Single Fragment Epireads
Because both mate reads come from the same DNA molecule, the DNA methylation information can be considered a physically phased molecular event. In such a case, it may be useful to look at a single fragment representation of the epiread data. Therefore, the read name and position in the single-end epiread output can be used to collate mate reads in a read pair. The default behavior of the epiread
subcommand focuses only on individual read mapping. The following awk
command gives a nice, compact file for a single fragment epiread format:
sort -k2,2 -k3,3n single_end.epiread |
awk 'BEGIN{ qname="" ; rec="" }
qname == $2 { print rec"\t"$5"\t"$6"\t"$7"\t"$8 ; qname="" }
qname != $2 { qname=$2 ; rec=$1"\t"$4"\t"$5"\t"$6"\t"$7"\t"$8 ; pair=$3}'
In the following output, the columns represent:
- Chromosome name
- Bisulfite strand (OT/CTOT (+) or OB/CTOB (-))
- Location of the cytosine in the first CpG covered (0-based) in read 1
- Retention pattern of all CpGs covered in read 1
- Location of the first SNP covered in read 1
- Base call of all SNPs covered in read 1
- Location of the cytosine in the first CpG covered (0-based) in read 2
- Retention pattern of all CpGs covered in read 2
- Location of the first SNP covered in read 2
- Base call of all SNPs covered in read 2
chr19 - 3083513 CCCCCCC 3083495 ATT 3083513 CCCCCCC 3083495 ATT
chr19 - 3083545 CCTCCCCCCT . . 3083527 CCCCTCCCCCC 3083523 AG
NOMe-seq Mode in the Old BISCUIT Epiread Format
As with the epiBED format, epiread
can generate NOMe-seq mode epireads in the old BISCUIT epiread format using the -N
option. An example of producing single fragment NOMe-seq epireads is:
# Create SNP BED file
biscuit vcf2bed -t snp my_pileup.vcf.gz > snps.bed
# Generate individual read NOME-seq epiread file
biscuit epiread -B snps.bed -O -N /path/to/my_reference.fa my_output.bam |
gzip -c > single_end.epiread.gz
# Collating paired epireads
zcat single_end.epiread.gz |
sort -k1,1 -k2,2 -k3,3n |
awk 'BEGIN{ qname="" ; rec="" }
qname == $2 { print rec"\t"$5"\t"$6"\t"$7"\t"$8"\t"$9"\t"$10 ; qname="" }
qname != $2 { qname=$2 ; rec=$1"\t"$4"\t"$5"\t"$6"\t"$7"\t"$8"\t"$9"\t"$10 ; pair=$3}' |
sort -k1,1 -k3,3n | \
gzip -c > paired.epiread.gz
The paired output looks like,
chr18 + 10689 CCC 10663 TTCT 10696 T 10689 CCC 10663 TTCT 10696 T
chr18 + 10689 CCC 10694 TT 10696 T 10689 CCC 10694 TT 10696 T
The output columns are:
- Chromosome name
- Bisulfite strand (OT/CTOT (+) or OB/CTOB (-))

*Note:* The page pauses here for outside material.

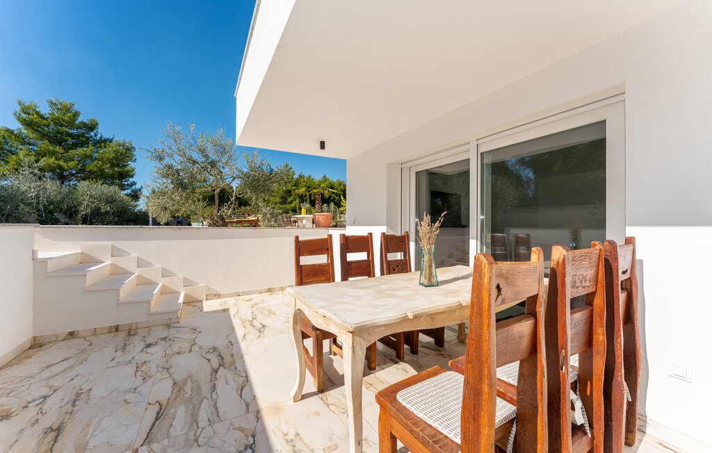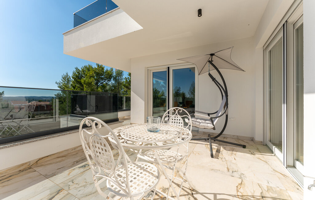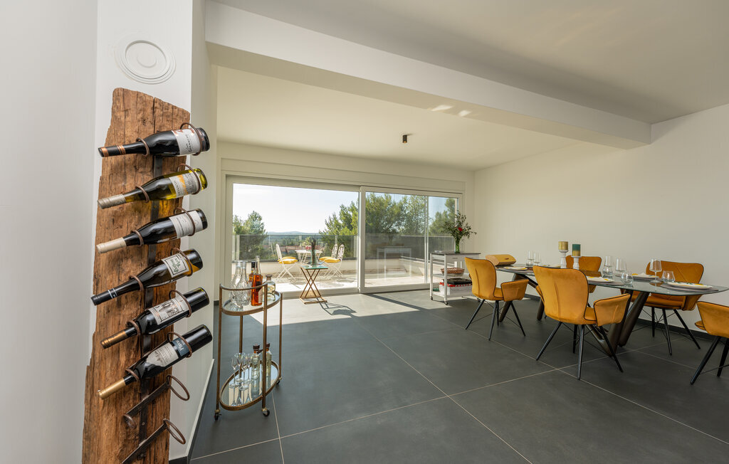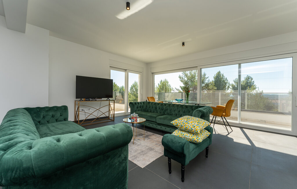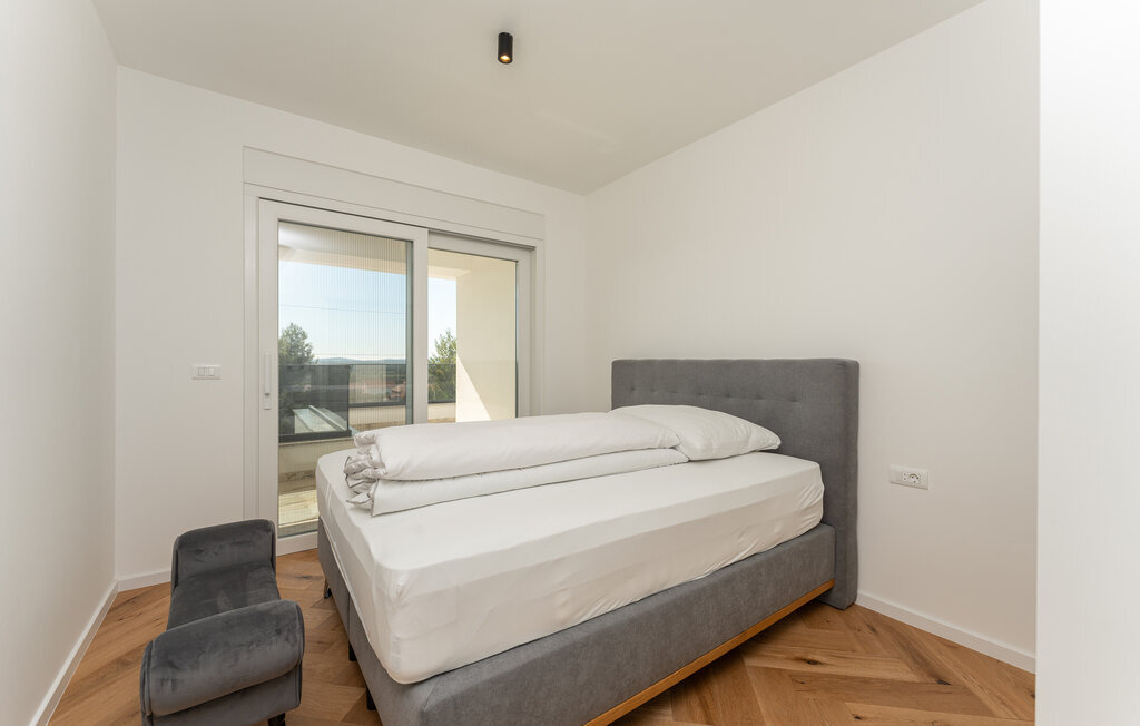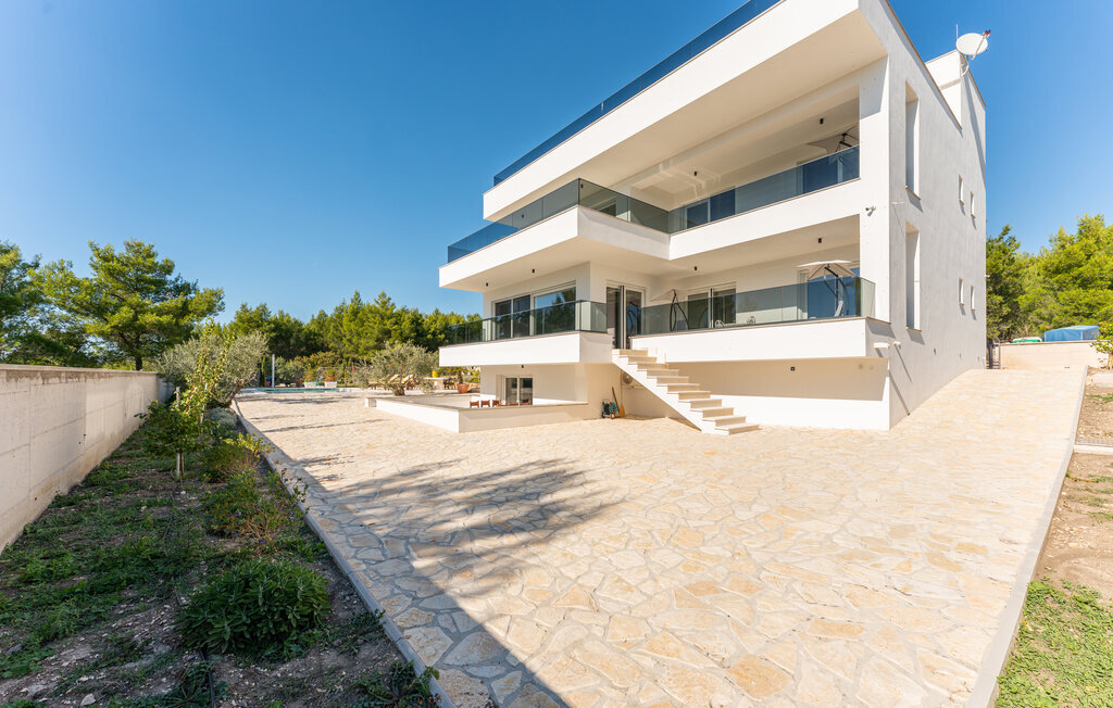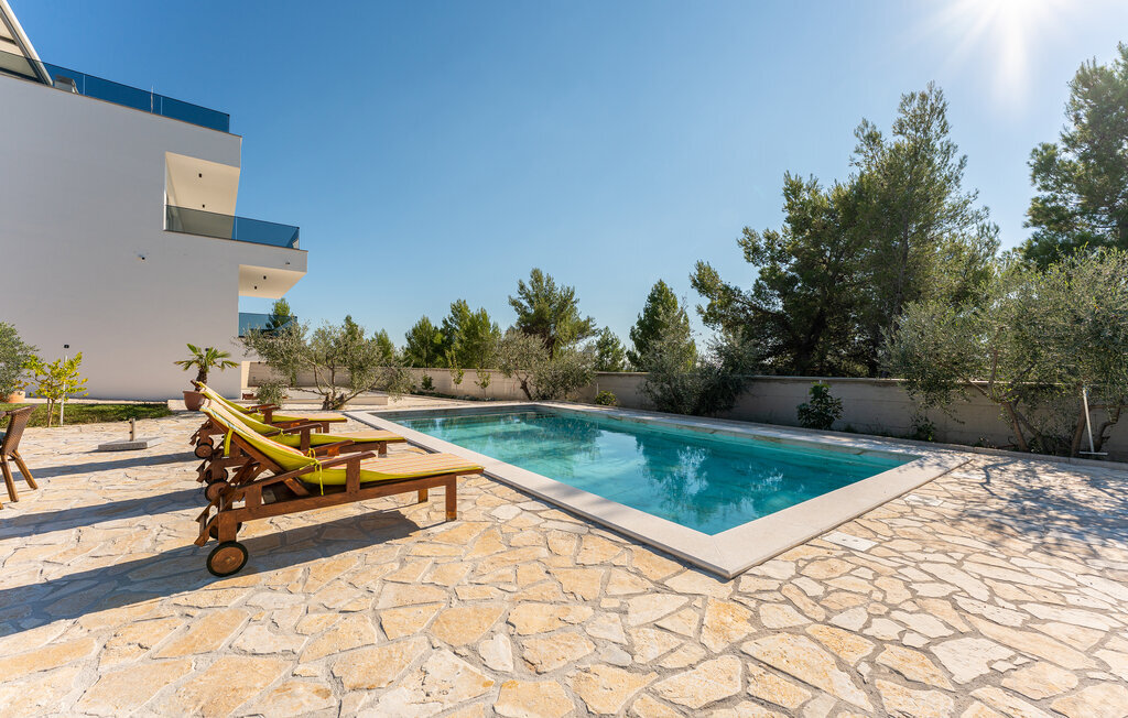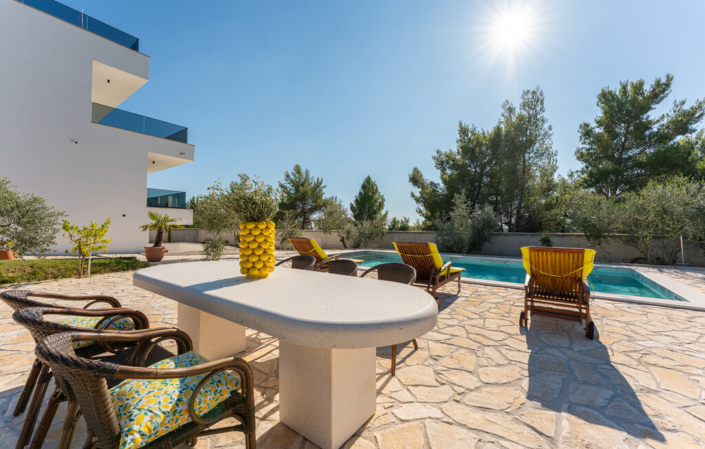 Cette maison de vacances vous promet des vacances de grande classe. Ici, l'élégance moderne et le confort se combinent pour créer une ambiance agréable dans laquelle vous vous sentirez immédiatement chez vous. De grandes baies vitrées laissent entrer beaucoup de lumière du jour à l'intérieur, tandis que vous profitez d'une vue magnifique sur l'extérieur depuis le canapé. Préparez de délicieux plats dans la cuisine moderne et savourez-les avec un bon vin croate en toute convivialité.

- Location of the cytosine in the first CpG covered (0-based) in read 1
- Retention pattern of all CpGs covered in read 1
- Location of the cytosine in the first GpCpH covered (0-based) in read 1
- Retention pattern of all GpCpHs covered in read 1
- Location of the first SNP covered in read 1
- Base call of all SNPs covered in read 1
- Location of the cytosine in the first CpG covered (0-based) in read 2
- Retention pattern of all CpGs covered in read 2
- Location of the cytosine in the first GpCpH covered (0-based) in read 2
- Retention pattern of all GpCpHs covered in read 2
- Location of the first SNP covered in read 2
- Base call of all SNPs covered in read 2
The Pairwise Epiread Format
This format is necessary when running biscuit asm
and can be generated by running:
biscuit epiread -@ NTHREADS -P -B snps.bed /path/to/my_reference.fa my_output.bam | \
sort -k1,1 -k2,2n -k3,3n > my_output.pairwise.epiread
Generate Rectangular Forms
With the creation of the epiBED format and readEpibed
in biscuiteer, we suggest avoiding the use of the old epiread format and biscuit rectangle
for creating a matrix where column represent CpGs and each row represents a read. However, if you still want to run rectangle
to generate this matrix, run
biscuit rectangle /path/to/my_reference.fa my_output.epiread
Note, my_output.epiread
can only have a single chromosome in it for rectangle
to work.
For more details on the available flags, run biscuit rectangle
in the terminal or visit the rectangle help page.